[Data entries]
_ _ _ _

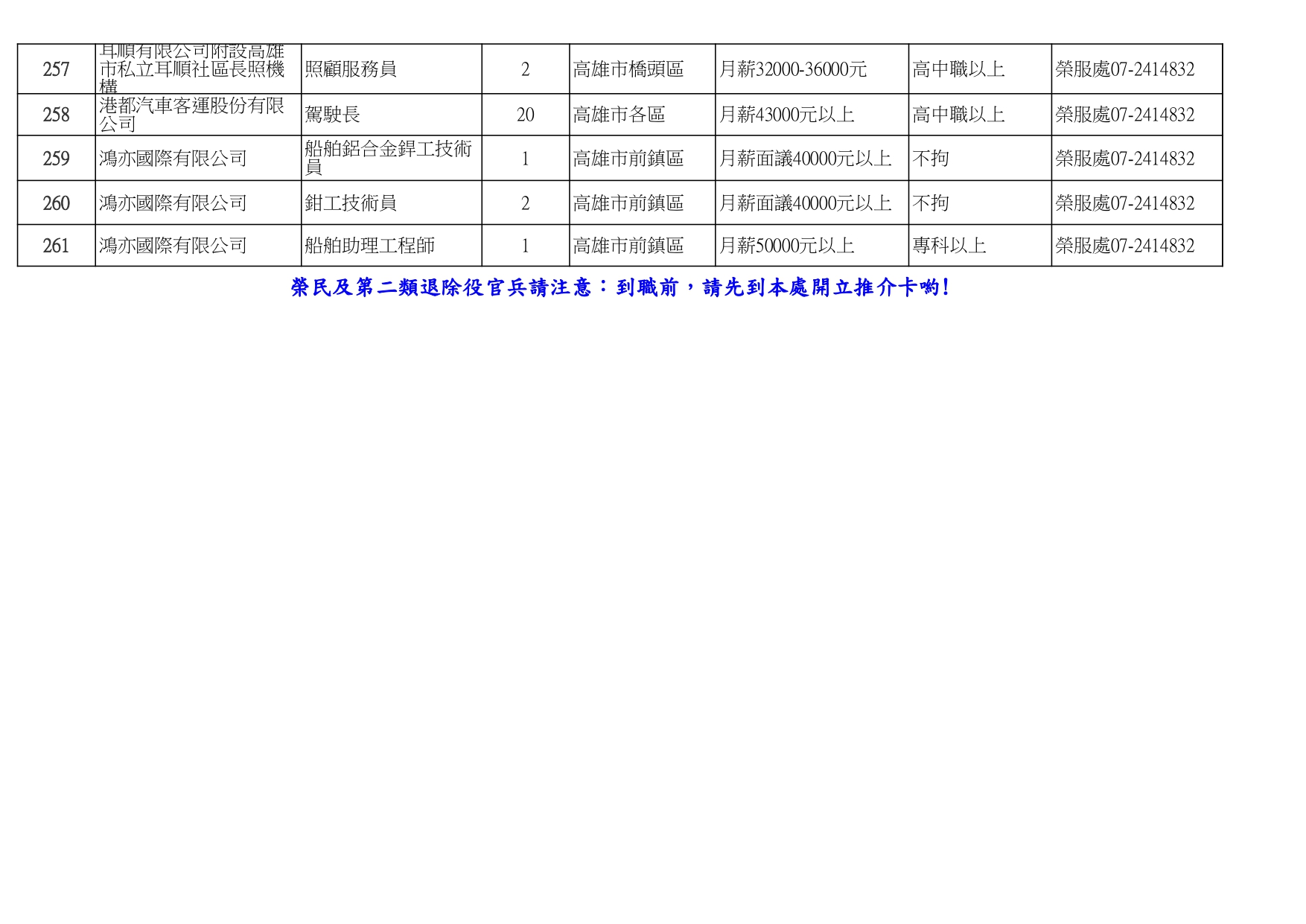 有就業需求之退除役官兵,請把握機會! 如有就(轉)業需求,歡迎洽詢本處就業站(07-2414832)
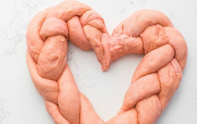 The older I get, the less I am ‘into’ Valentine’s Day, but I have two little kids who still think it is an amazing holiday, so anything red, pink, and heart-shaped is welcomed into our home on February 14. I was scrolling through Instagram last week and came across this lovely heart-shaped challah, and then, remembering Zoe’s pink swirled bread and pink braid, I thought I could combine the two together for some celebration bread. I’m happy to report that it worked! The heart braid bread turned out pretty, and tasted delicious, too.
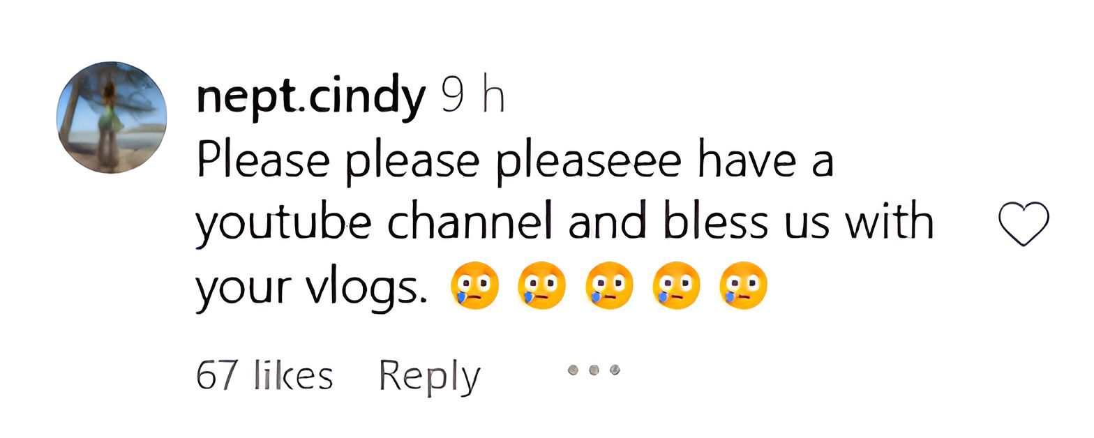 "Please please pleaseee have a youtube channel and bless us with your vlogs. 😢😢😢😢😢"
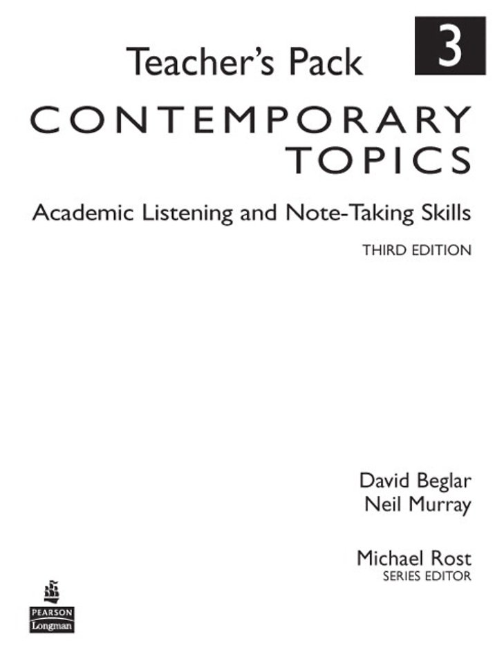 Teacher’s Pack for busy instructors with: •Suggested bonus activities •Teaching notes •Answer keys •Audioscripts •Simulated TOEFL Listening Test for each unit This interactive listening-speaking series prepares students for the challenges of college lectures with a wide range of listening, speaking, and note-taking strategies and skills. The lectures are drawn from a range of academic disciplines and reflect authentic lecture settings, featuring engaging instructors and live student audiences.
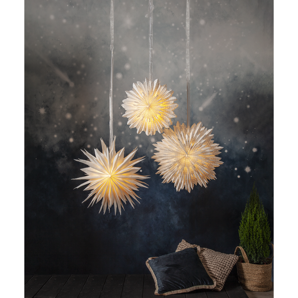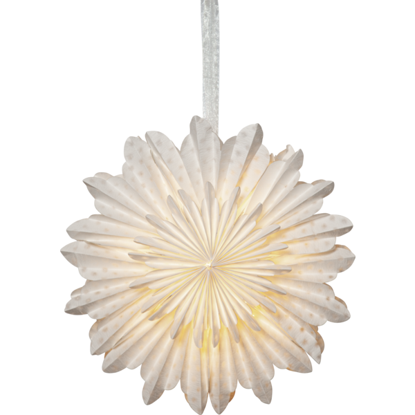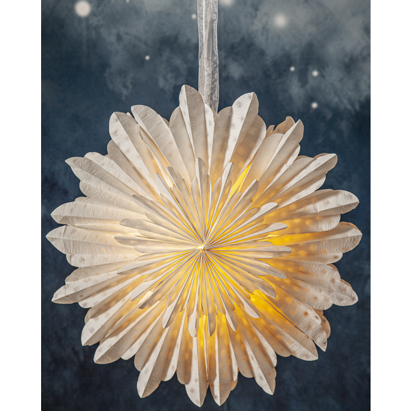 Magisk papirstjerne som er laget av to lag brettet papir. Papiret er laget av resirkulert bomullsspill fra produksjon av t-skjorter. Strukturen i papiret blir derfor myk, og i selve papiret kan man se vannmerkede prikker. Konturen har myke, avrundede fliker. Et elegant bånd følger med for å lettere kunne henge opp stjernen. Stjernen skaper stemning og gir hjemmet den spesielle advents- og julefølelsen. Kan henges både i vindu og på en vegg.
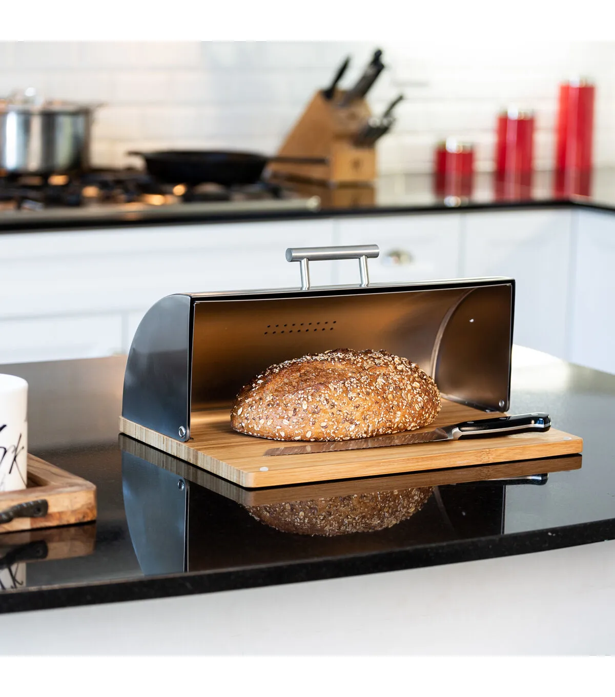 There are bread lovers and then there are bread lovers. For the latter, this bread box provides a place to keep your favorite loaf of sourdough, homemade, focaccia, French – you name it – fresh as can be. Its easy access lid lets you dive right in and cut a piece when the urge strikes. And speaking of cutting, its base is actually a durable, stain-proof cutting board made of bamboo. And whether your kitchen aesthetic is farmhouse, rustic, modern or traditional, this stainless steel bread box fits right in, like a piece of Italian bread at your family’s Friday night pasta dinner. Oh, and in addition to steering clear of stale bread, you can also store donuts and other pastries in here, too.
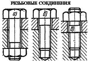 Рис.1 Основные детали соединения имеют наружную либо внутреннюю винтовую нарезку (резьбу) и снабжены огранёнными поверхностями для захвата гаечным ключом. Болт – длинный цилиндр с головкой и наружной резьбой. Проходит сквозь соединяемые детали и затягивается гайкой (рис.1,а) – деталью с резьбовым отверстием. Винт – внешне не отличается от болта, но завинчивается в резьбу одной из соединяемых деталей (рис.1,б). Шпилька – винт без головки с резьбой на обоих концах (рис.1,в). Резьбовые соединения различают по назначению на: è резьбы крепёжные для фиксации деталей (основная – метрическая с треугольным профилем, трубная – треугольная со скруглёнными вершинами и впадинами, круглая, резьба винтов для дерева) должны обладать самоторможением для надёжной фиксации;
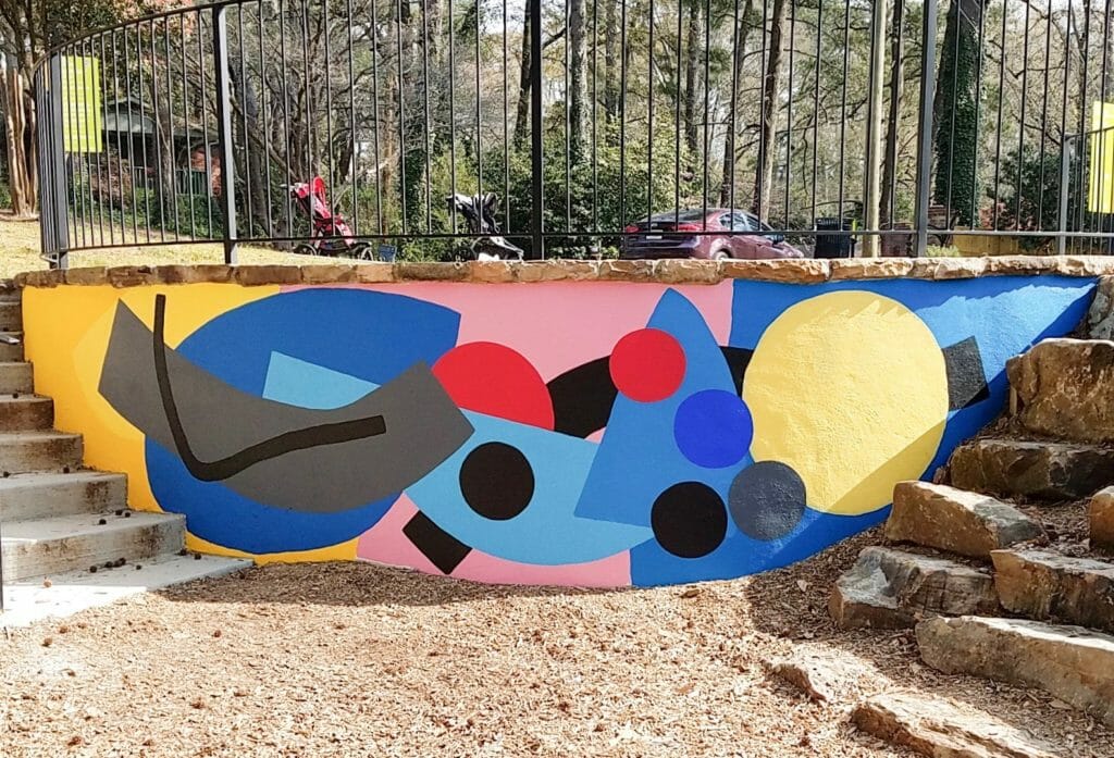 Many visitors to Armand Park might be completely oblivious to the fact that this happy little wall of brightly colored contours was painted by Alex Brewer, an award-winning, internationally acclaimed artist who has painted monumental, large-scale murals and total building facades in prestigious locations all over the world. The artist’s abstract style incorporates an array of shapes, forms, lines and colors to create a vibrantly dynamic shifting visual landscape across his building-sized canvases. Other local examples of Brewer’s work include the Westside Cultural Arts Center and the Virginia Avenue bridge on the Eastside BeltLine.
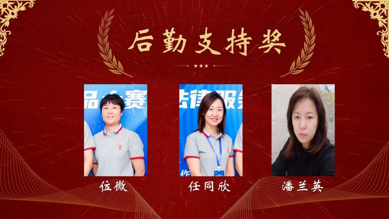 律師的發展離不開行政團隊的默默付出。國浩石家莊行政團隊人員位微、任同欣,財務團隊潘蘭英獲得“后勤支持獎”。
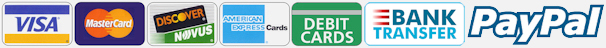 We accept Visa, Mastercard, Discover and American Express credit cards, debit/ATM cards, and payments through PayPal as well as direct bank transfers.
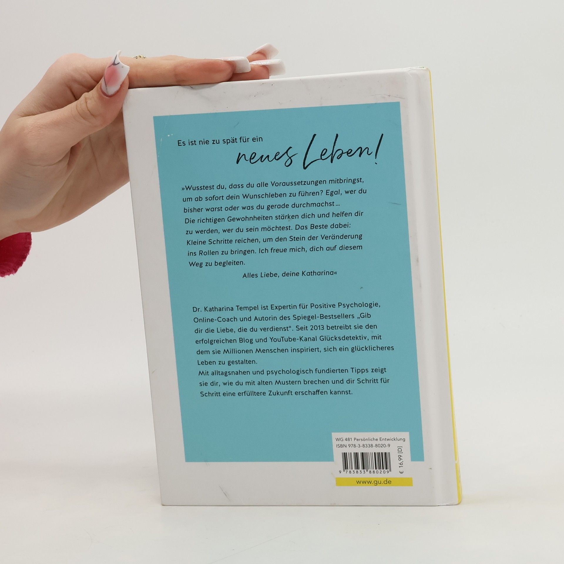 „Ein besseres Leben ist möglich. Für dich, für mich ... für jeden von uns.“ Träumst du von einem besseren Leben , aber erlebst doch immer wieder das Gleiche? Möchtest du glücklicher sein, aber kannst nicht raus aus deiner Haut? Dr. Katharina Tempel, Expertin für Positive Psychologie, zeigt dir, wie du mit Hilfe kleiner Schritte dein Leben verändern und zu dem Menschen werden kannst, der du sein möchtest . In ihrem Buch geht es darum, sich wirklich und nachhaltig ein anderes Leben und eine neue Realität aufzubauen – ohne hohle Phrasen, aber mit ganz viel Menschlichkeit, Pragmatismus und bewegenden Geschichten aus dem echten Leben. Du erfährst: welche Gewohnheiten dich deinem Wunschleben näherbringen und von welchen Mustern du dich lieber verabschieden solltest welche Hebel nachhaltig glücklicher machen und welche in die Irre führen welche Glückrituale dir helfen neue Energie zu gewinnen wie du deine innere Haltung und Denkgewohnheiten veränderst wie du zu dem Menschen geworden bist, der du heute bist und wie du dich mit Hilfe von Mikrogewohnheiten neu erfinden kannst. Wenn du genug davon hast, ständig mehr vom Gleichen zu erleben, wenn du einer Krise entkommen oder dir eine neue, glücklichere Realität erschaffen möchtest, führt an diesem Buch kein Weg vorbei. Du hast die Freiheit zu wählen, wie du leben möchtest. Deswegen schenk dir das Leben, von dem du träumst!

_ _ _ _

**WHAT THIS TASK INVOLVES**.
Within these entries, output exactly the lines starting at the one with "Many visitors to" and finishing at the one with "律師的發展離不開行政團隊的默". Leave pictures out of the output.

**ANSWER BELOW**.
 Many visitors to Armand Park might be completely oblivious to the fact that this happy little wall of brightly colored contours was painted by Alex Brewer, an award-winning, internationally acclaimed artist who has painted monumental, large-scale murals and total building facades in prestigious locations all over the world. The artist’s abstract style incorporates an array of shapes, forms, lines and colors to create a vibrantly dynamic shifting visual landscape across his building-sized canvases. Other local examples of Brewer’s work include the Westside Cultural Arts Center and the Virginia Avenue bridge on the Eastside BeltLine.
 律師的發展離不開行政團隊的默默付出。國浩石家莊行政團隊人員位微、任同欣,財務團隊潘蘭英獲得“后勤支持獎”。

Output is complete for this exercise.